Information shown =>

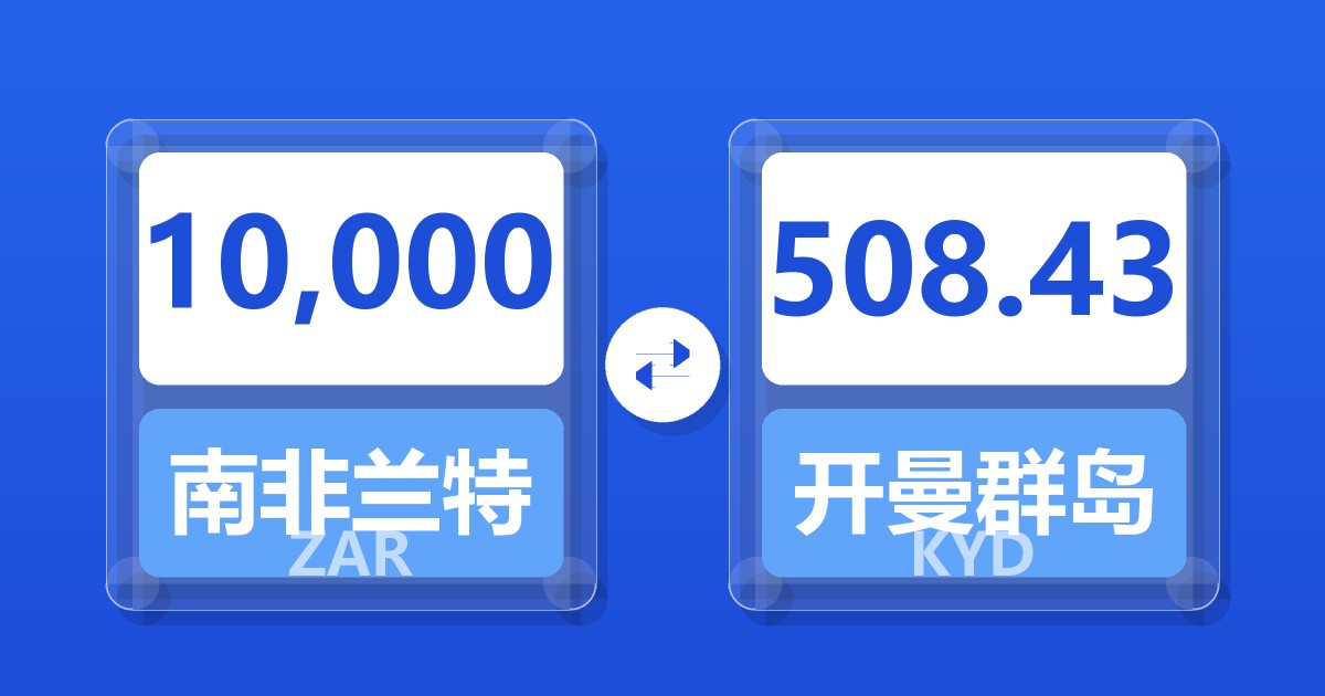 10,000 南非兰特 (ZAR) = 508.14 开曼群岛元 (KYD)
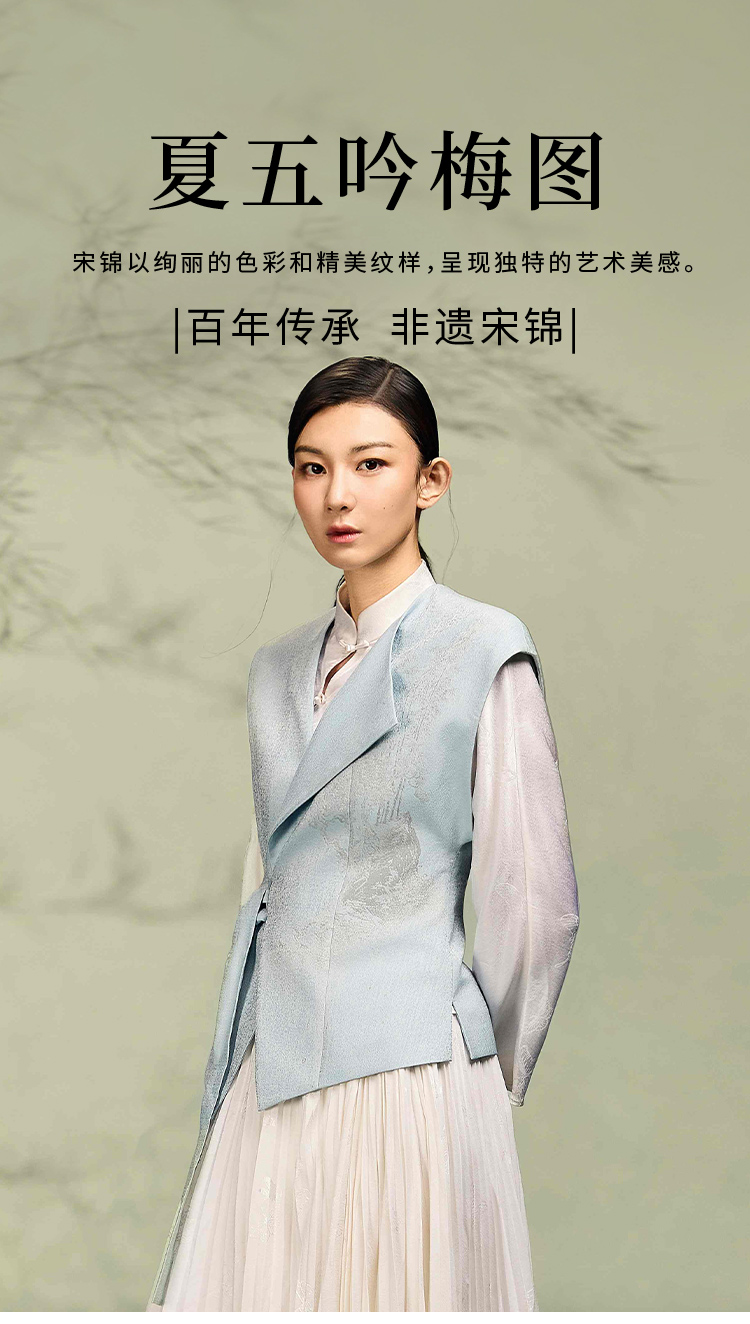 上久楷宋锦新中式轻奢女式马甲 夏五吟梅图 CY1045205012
==
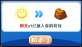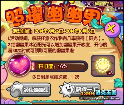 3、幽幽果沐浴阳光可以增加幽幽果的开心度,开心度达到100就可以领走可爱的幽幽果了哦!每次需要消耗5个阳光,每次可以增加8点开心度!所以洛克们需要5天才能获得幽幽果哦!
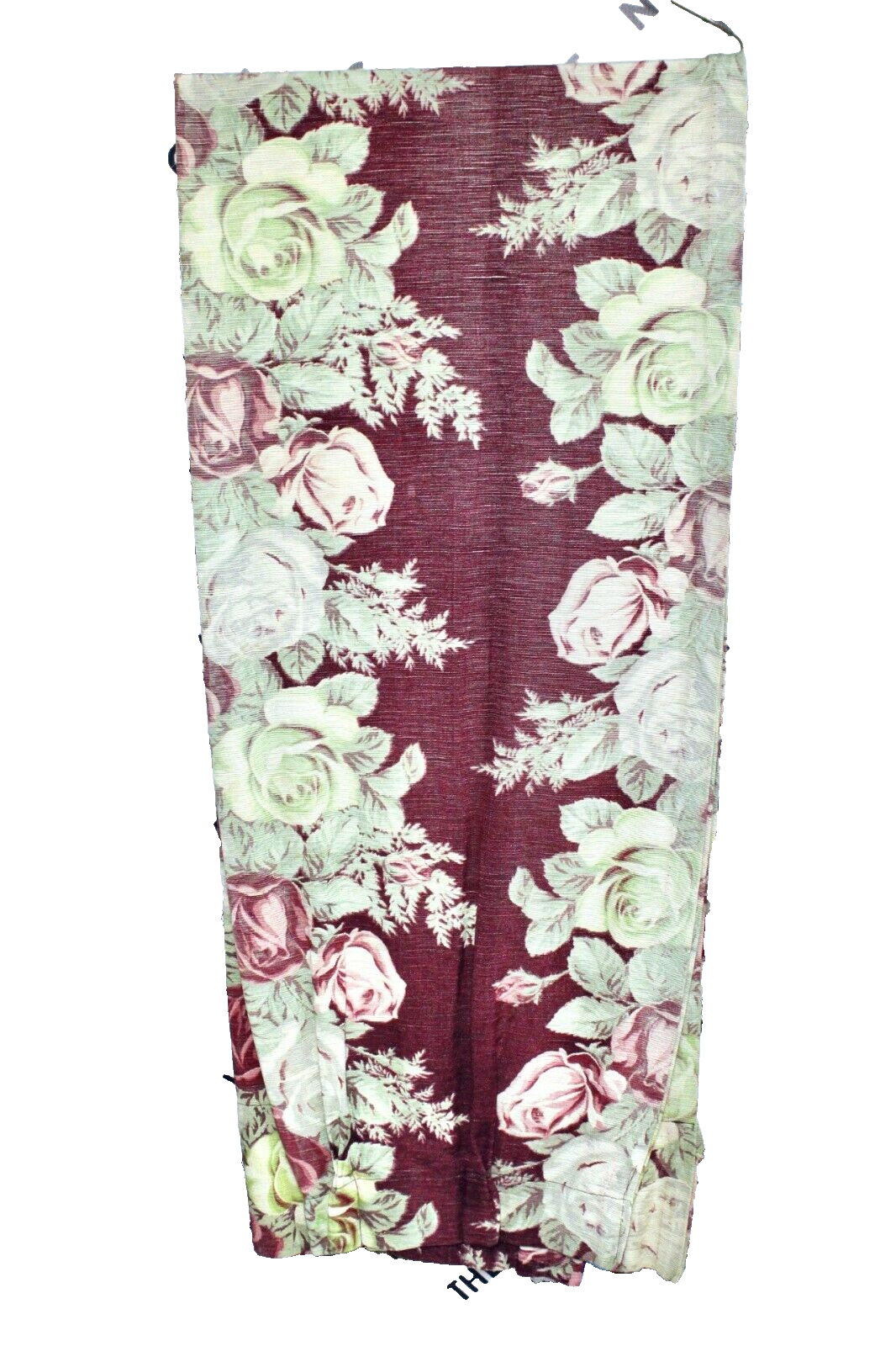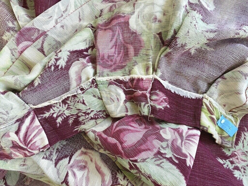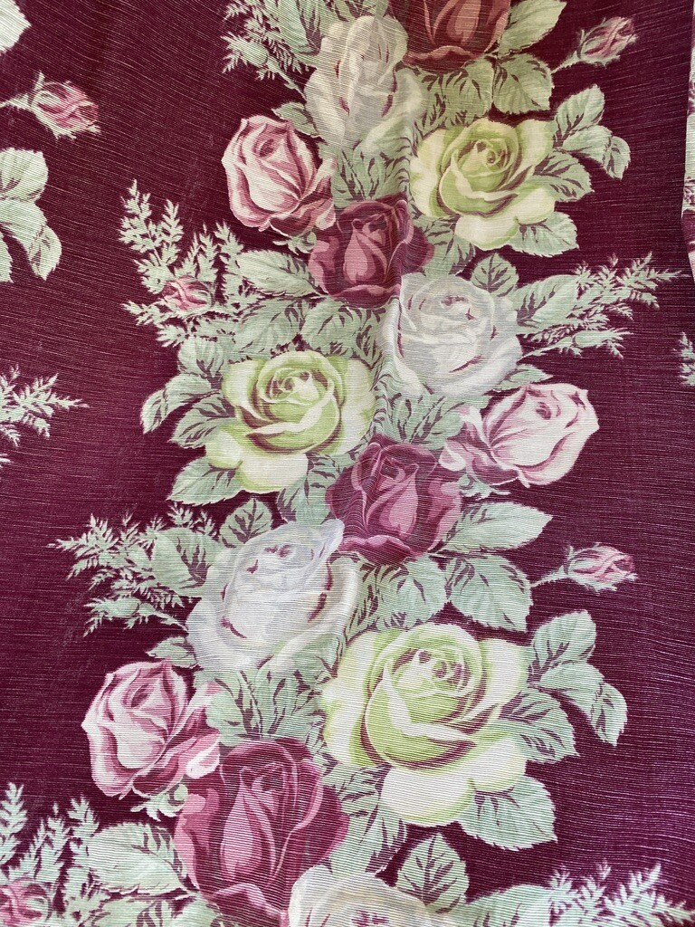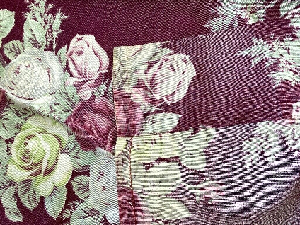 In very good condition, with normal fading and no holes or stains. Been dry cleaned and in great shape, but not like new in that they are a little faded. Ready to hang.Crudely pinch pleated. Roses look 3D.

Your assignment => Copy word for word the lines above, starting at the line containing "10,000 南非兰特 (ZAR) = 508.14 开曼群岛元 (KYD)" and ending at the line containing "上久楷宋锦新中式轻奢女式马甲 夏五吟梅图 CY1045205012", inclusive, with no pictures.

Response area =>
 10,000 南非兰特 (ZAR) = 508.14 开曼群岛元 (KYD)
 上久楷宋锦新中式轻奢女式马甲 夏五吟梅图 CY1045205012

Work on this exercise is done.